Apart from the pictures, reproduce the data below exactly as it stands.

==== RECORDS FOR THE EXERCISE ====

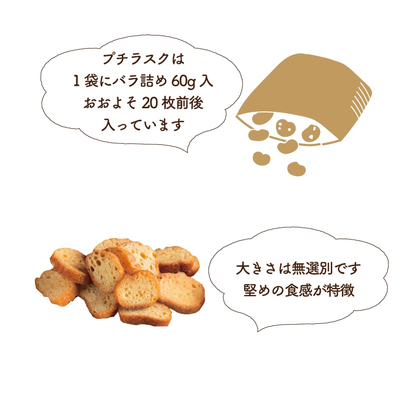 固い食感のおつまみ系スナックラスク。お酒が進みます!もちろんおやつにも!専用の細いパンで作ったラスクで、ボリッとした噛み応えと濃いめの味付けが特徴です。食べきり60gサイズ(おおよそ20枚前後)。大きさは無選別でバラ入りです。ジッパー付きのパッケージで便利。
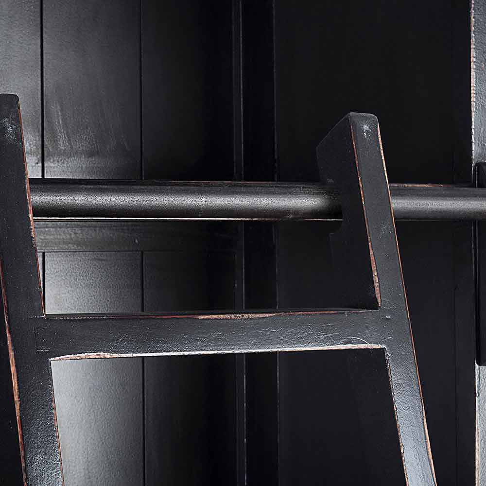 mdf . Escada decorativa em madeira manga. Acabamento decapado e envelhecido à base de nitrocelulose. Cabos em
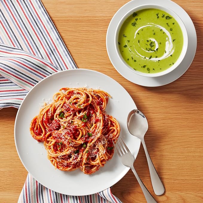 Amazon Basics Dinnerware Set, Microwave and Dishwasher Safe, Service for 6, 18-Piece Complete Kitchen, Plates, Dishes, Bowls, White Porcelain Coupe
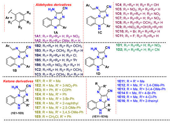 Selected chemical structures (34) belonging to the imidazo[1,2-a]quinoxaline category for the present work.
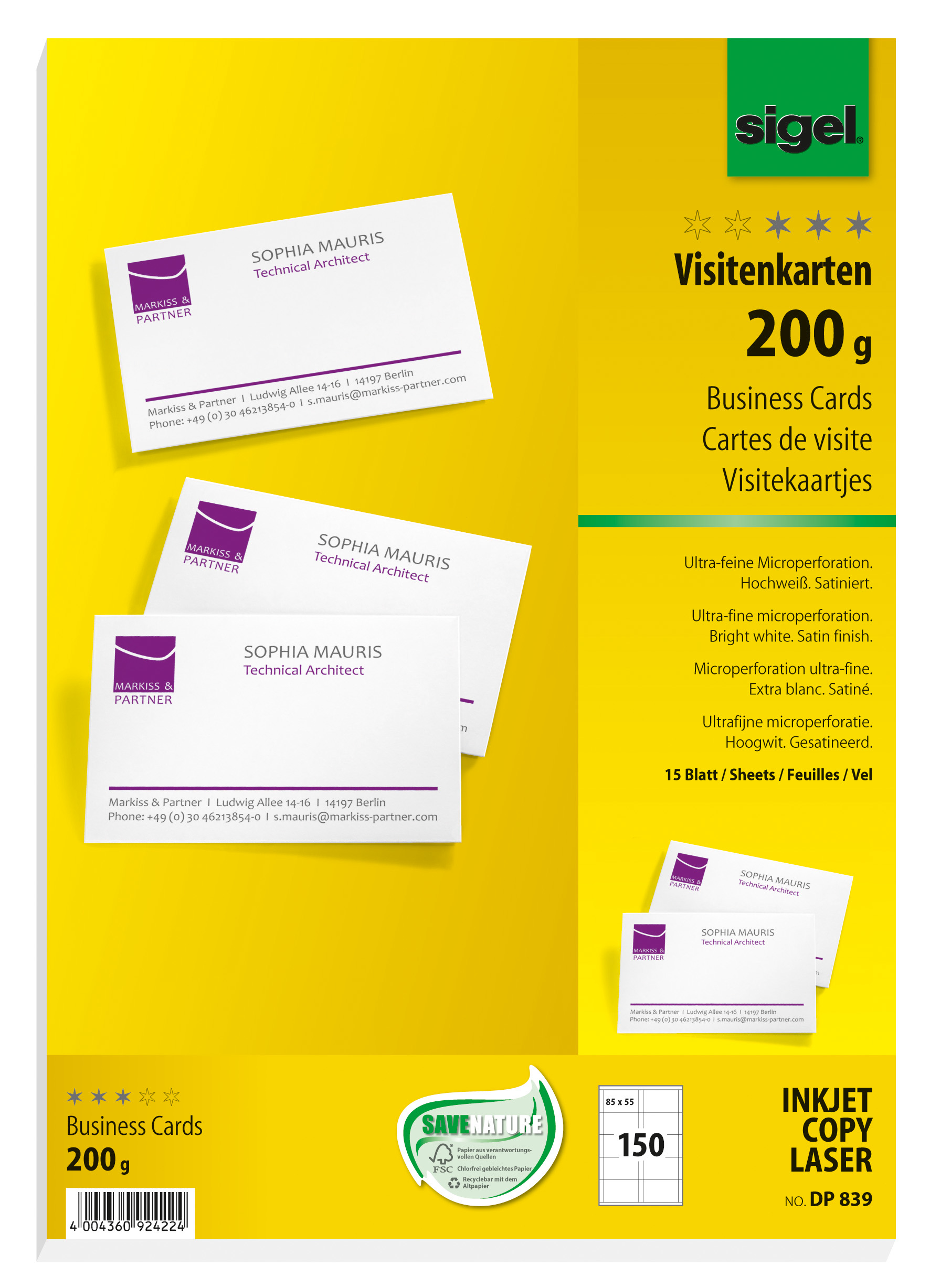 PC-Visitenkarten hochweiss sind ideal zum schnellen und einfachen Gestalten und Drucken am eigenen PC und Drucker. Die ultra-feine Microperforation garantiert ein leichtes Abtrennen und exakte Kanten fast wie geschnitten. Die Visitenkarten sind vielseitig einsetzbar beispielsweise für Events, Messen oder geschäftlichen und privaten Kontaktaustausch. Für alle InkJet- und (Farb-)Laser-Drucker sowie Kopierer geeignet.

====

● **RESULT OF THIS TASK**:
 固い食感のおつまみ系スナックラスク。お酒が進みます!もちろんおやつにも!専用の細いパンで作ったラスクで、ボリッとした噛み応えと濃いめの味付けが特徴です。食べきり60gサイズ(おおよそ20枚前後)。大きさは無選別でバラ入りです。ジッパー付きのパッケージで便利。
 mdf . Escada decorativa em madeira manga. Acabamento decapado e envelhecido à base de nitrocelulose. Cabos em
 Amazon Basics Dinnerware Set, Microwave and Dishwasher Safe, Service for 6, 18-Piece Complete Kitchen, Plates, Dishes, Bowls, White Porcelain Coupe
 Selected chemical structures (34) belonging to the imidazo[1,2-a]quinoxaline category for the present work.
 PC-Visitenkarten hochweiss sind ideal zum schnellen und einfachen Gestalten und Drucken am eigenen PC und Drucker. Die ultra-feine Microperforation garantiert ein leichtes Abtrennen und exakte Kanten fast wie geschnitten. Die Visitenkarten sind vielseitig einsetzbar beispielsweise für Events, Messen oder geschäftlichen und privaten Kontaktaustausch. Für alle InkJet- und (Farb-)Laser-Drucker sowie Kopierer geeignet.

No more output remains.